* _ASSIGNMENT_: Taking only the lines of the data below from the line with "Повідок для собак" to the line with "メニューの[表示]を開くとスライドショーのメニューが出てきます。", ends included, write them out exactly and without pictures.

* _DATA FOR THE TASK_:
Start of Block

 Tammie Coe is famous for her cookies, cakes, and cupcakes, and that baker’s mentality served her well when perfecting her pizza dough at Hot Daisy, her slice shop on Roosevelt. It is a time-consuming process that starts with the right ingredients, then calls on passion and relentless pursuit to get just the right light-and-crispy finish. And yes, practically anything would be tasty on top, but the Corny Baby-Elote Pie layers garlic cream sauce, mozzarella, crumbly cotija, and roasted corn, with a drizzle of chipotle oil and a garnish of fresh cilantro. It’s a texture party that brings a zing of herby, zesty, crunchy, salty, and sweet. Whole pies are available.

End of Block
Start of Block

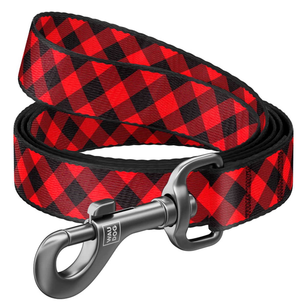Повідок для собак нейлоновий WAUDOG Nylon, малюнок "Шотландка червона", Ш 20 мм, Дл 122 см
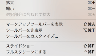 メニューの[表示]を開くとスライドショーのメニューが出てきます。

End of Block

* _RESPONSE BELOW_:
Повідок для собак нейлоновий WAUDOG Nylon, малюнок "Шотландка червона", Ш 20 мм, Дл 122 см
 メニューの[表示]を開くとスライドショーのメニューが出てきます。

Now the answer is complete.